There is a significant shift in the facility management community with regards to how and why they procure and value various services. Globally, on account of political, economic, legal, technological and societal factors, investments into industries, businesses & companies are being determined by an ability to create and sustain long-term value in a rapidly changing world.

The Environmental, Social & Governance (or ESG) frameworks and their reporting determine investments and growth, and are moving from peripheral ‘nice-to-know’ concepts to ‘need-to-do’ realities. This covers a gamut of activities ranging from climate change responses to energy efficiency; health & safety to diversity & inclusion; employee engagement to ethical behavior.

Earlier, most customers were procuring ‘manpower’ to do specified services. Today, when their Board tasks them towards driving items in ESG frameworks, they are looking to procure ‘outcomes’ aligned to goals/targets/road maps.

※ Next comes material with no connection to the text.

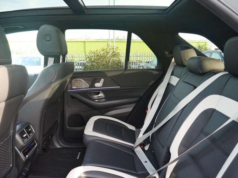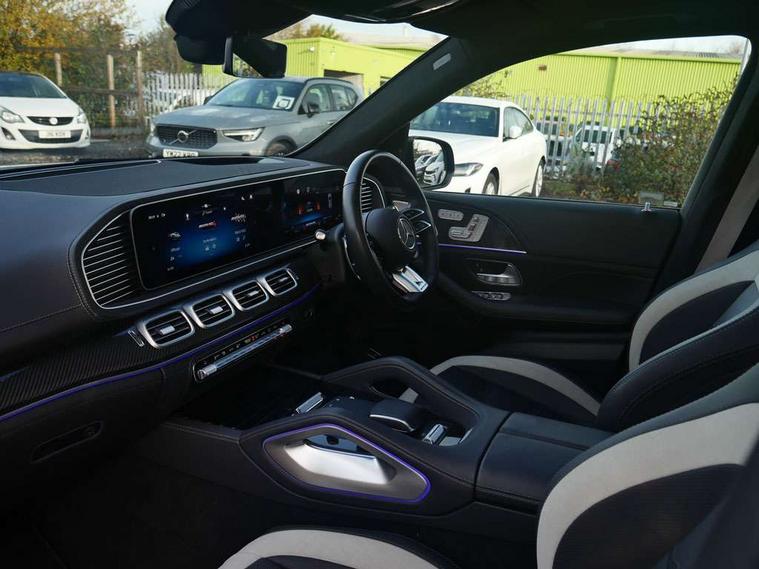 12.3 High resolution wide screen cockpit display with choice of three display styles Classic, Progressive or Sport and unique ambient lighting setting, 360 degree camera, Active parking assist with PARKTRONIC, AMG track pace, Attention assist, Brake wear warning display, Direct steer speed sensitive steering, DYNAMIC SELECT with a choice of driving modes (ECO, Comfort, Sport and Individual), Easy-pack tailgate - Powered opening/closing automatically, ECO start/stop function, Hard-disk navigation, Head up Display, MBUX augmented reality for navigation and live traffic, MBUX Interior assistant, MBUX voice control activated by keywords "Hey Mercedes", Mercedes Benz emergency call system, Mercedes me connect - vehicle set up and monitoring, Outside temperature display, Pre-installation for digital key transfer, Remote boot release, Service indicator (ASSYST), Status display for rear seat belts in instrument cluster, Traffic sign assist, Trip computer in multifunction display showing current fuel consumption, Wireless charging, Wireless smartphone integration including Apple CarPlay and Android auto, 85 litre fuel tank, AMG active ride control suspension with adaptive dampers, AMG rear axle limited slip differential lock, AMG Speedshift TCT 9 speed transmission, Carbon fibre engine covers, Mild Hybrid starter alternator, Petrol Particulate Filter (PPF), Additional USB connection, Bluetooth interface for hands free and audio streaming, Burmester surround sound system, DAB digital radio tuner, Front and rear USB ports, Sound personalisation, Adaptive brake lights, Aluminium look, illuminated running boards with rubber studs, AMG bodystyling front and rear aprons, AMG exhaust system with two black chrome rectangular twin tailpipes, AMG performance exhaust system, Auto headlights, Automatically dimming rear view mirror, Body coloured bumpers, Electric windows with one touch opening/closing and obstruction sensors, Electrically adjustable, heated, folding exterior mirrors, Exterior styling - front bumper, radiator grille and front air intakes, Heated windscreen washers, LED 3rd brake light, LED daytime running light signet, LED rear lights, Matt black roof rails, Multibeam LED headlights with adaptive highbeam assist plus, Panoramic sliding sunroof, Radio aerial integrated into rear window, Rain sensing windscreen wipers, Rear side wing doors, Rear wiper, Roof rail system, Surround lighting with animated projection of the AMG logo, Top surround of side windows in polished aluminium, Transparent Bonnet, Visible twin pipe exhaust system integrated into bumper, Waistline in polished aluminium, 3 seat bench in 2nd row, 3 spoke AMG Performance multifunction steering wheel in carbon fiber/MICROCUT, 4 way adjustable front head restraints and 2 way rear head restraints, 40:20:40 split folding rear seats, AMG floor mats, AMG steering wheel buttons, Automatic child seat recognition sensor, Black MICROCUT Headlining, Dinamica microfibre roof liner in black, Double sunvisor, Electric height/reach adjustable steering column, Electrically adjustable rear seats, Front centre armrest with stowage compartment and illuminated grab handles, Gearshift paddles on steering wheel, Glove compartment - lockable, air conditioned and illuminated, Heated rear seats, Heated steering wheel, Illuminated front door sill with AMG lettering, Luggage compartment cover, Luxury head restraints in front, Quilted seat with AMG crest in headrests, Seat occupancy sensor for front passenger seat, Single front passenger seat, Soft close doors, Sports pedals in brushed stainless steel with rubber studs, Sunvisors with illuminated vanity mirrors, Temperature controlled cupholder, Thermotronic automatic 4 zone climate control, Touchpad, Air balance package - GLE, AMG Drivers package - GLE 63, AMG night package - GLE, Driving assistance package - GLE, Energizing plus package - GLE, Exclusive Trim package - GLE, Keyless go comfort package - GLE, Memory package with 4 way lumbar support - GLE, Warmth comfort pack - GLE, Active bonnet, Airbags - driver and front passenger, front sidebag, pelvis bag and window airbags, AMG high performance composite braking system, Anti-lock braking system (ABS), Black seat belts, Childproof locks manually operated for rear doors and electrically operated for rear power windows, Drivers knee airbag, Electronic parking brake, Electronic Stability Programme (ESP), High performance perforated front brake discs and silver brake calipers with AMG lettering, ISOFIX child seat points with automatic child seat recognition, Pre safe impulse side, Red Brake caliper, Three point rear seat belts, Tyre pressure monitoring system, Warning triangle and first aid kit, Alarm system/interior protection/immobiliser, Central locking with interior switch, automatic locking and crash sensor with emergency opening function, Chrome surround in electric key, Dashcam, Guard 360 degree vehicle protection plus, Carbon fibre trim elements, Dashboard and door beltlines in nappa leather, 22" AMG cross spoke forged alloy wheels in matte black, TIREFIT with tyre inflation compressor,

Essentially, this is leading to a situation wherein clients want to be ‘Future Facility Ready’. For service providers, the language changes from ‘housekeeping’ or ‘security’ or ‘pantry boy’ to the outcomes that such services are intended to drive – namely, clean and immune buildings that have digital operations and hence are well managed, and that over time become more energy-efficient and sustainable.

Future readiness

Essentially, to align the planet and hence industries, businesses and companies with various goals, there will have to be a shift in the way we conduct business.

For example, if we must conserve 20-30% less resources (when measured for specific and total consumptions), we would have to retrofit much of all infrastructure by 2035 and build in new technologies/solutions in much of all upcoming infrastructure. This gives companies a window of under one decade for their existing assets and two decades for their upcoming assets.

The challenge isn’t the availability of either technology (most of it has been around since the mid-1980s) or finance (exists very liberally for viable projects); the challenge is having service providers that have the domain experience, technical and commercial ability to conceptualise, architect, deploy and sustain strategic programs over a multi-year horizon. It’s a case of too many problems to solve and too few specialised service providers.

Financial benefits

ESG frameworks have great built-in business cases and payback rationales. For example, great sustainability projects can provide business benefits for 15-25 years (relative to current baselines) with payback periods from 6 months to 36 months. In fact, the Indian ecosystem makes it very easy to design programs on a pay-as-you-save model for 5-7 of the overall 15-25 years.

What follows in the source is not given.